● Extracted material:
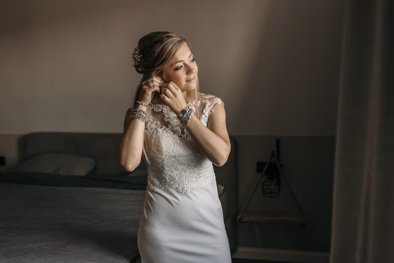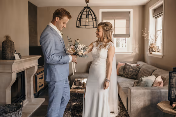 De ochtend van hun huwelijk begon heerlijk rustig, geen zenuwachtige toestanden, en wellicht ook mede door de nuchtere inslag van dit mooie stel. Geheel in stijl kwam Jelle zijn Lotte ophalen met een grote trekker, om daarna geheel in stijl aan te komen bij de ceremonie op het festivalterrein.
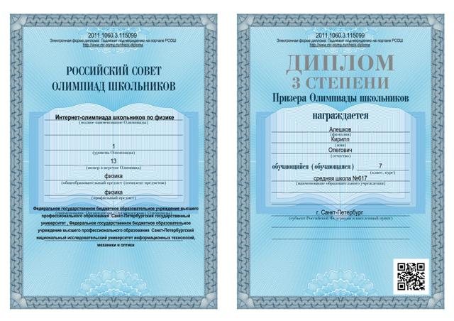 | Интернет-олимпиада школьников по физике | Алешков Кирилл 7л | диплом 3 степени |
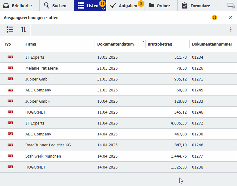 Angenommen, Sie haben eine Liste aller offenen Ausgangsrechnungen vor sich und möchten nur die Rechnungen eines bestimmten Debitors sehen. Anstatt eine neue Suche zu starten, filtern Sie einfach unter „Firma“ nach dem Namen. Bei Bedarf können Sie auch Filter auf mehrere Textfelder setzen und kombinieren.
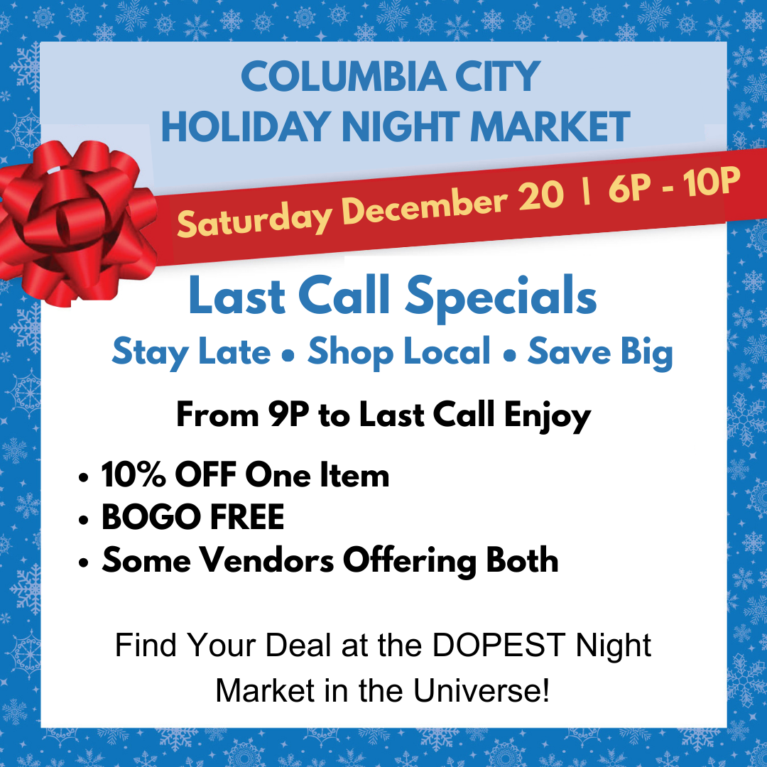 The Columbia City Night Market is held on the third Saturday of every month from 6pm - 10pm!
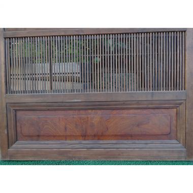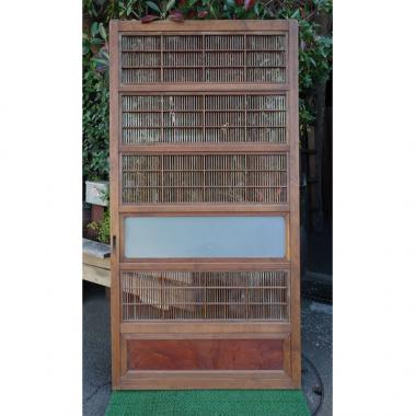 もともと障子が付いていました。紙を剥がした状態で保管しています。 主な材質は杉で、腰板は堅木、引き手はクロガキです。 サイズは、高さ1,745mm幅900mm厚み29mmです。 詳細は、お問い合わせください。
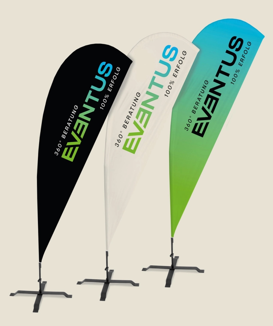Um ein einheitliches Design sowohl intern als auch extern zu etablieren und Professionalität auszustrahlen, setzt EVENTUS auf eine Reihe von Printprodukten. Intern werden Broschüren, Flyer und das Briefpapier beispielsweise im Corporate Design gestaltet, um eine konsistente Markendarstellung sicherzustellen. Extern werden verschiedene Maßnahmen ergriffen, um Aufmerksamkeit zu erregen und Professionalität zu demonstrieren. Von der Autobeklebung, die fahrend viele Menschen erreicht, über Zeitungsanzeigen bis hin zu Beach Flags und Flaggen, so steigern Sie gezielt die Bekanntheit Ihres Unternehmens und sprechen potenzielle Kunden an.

* * *

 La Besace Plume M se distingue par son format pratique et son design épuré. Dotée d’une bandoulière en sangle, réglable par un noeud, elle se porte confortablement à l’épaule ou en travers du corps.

● What you will do: Nothing but the lines above from the line with "The Columbia City" up to and including the line with "Um ein einheitliches" should be returned, exactly as written and without pictures.

● Result of the task:
 The Columbia City Night Market is held on the third Saturday of every month from 6pm - 10pm!
 もともと障子が付いていました。紙を剥がした状態で保管しています。 主な材質は杉で、腰板は堅木、引き手はクロガキです。 サイズは、高さ1,745mm幅900mm厚み29mmです。 詳細は、お問い合わせください。
Um ein einheitliches Design sowohl intern als auch extern zu etablieren und Professionalität auszustrahlen, setzt EVENTUS auf eine Reihe von Printprodukten. Intern werden Broschüren, Flyer und das Briefpapier beispielsweise im Corporate Design gestaltet, um eine konsistente Markendarstellung sicherzustellen. Extern werden verschiedene Maßnahmen ergriffen, um Aufmerksamkeit zu erregen und Professionalität zu demonstrieren. Von der Autobeklebung, die fahrend viele Menschen erreicht, über Zeitungsanzeigen bis hin zu Beach Flags und Flaggen, so steigern Sie gezielt die Bekanntheit Ihres Unternehmens und sprechen potenzielle Kunden an.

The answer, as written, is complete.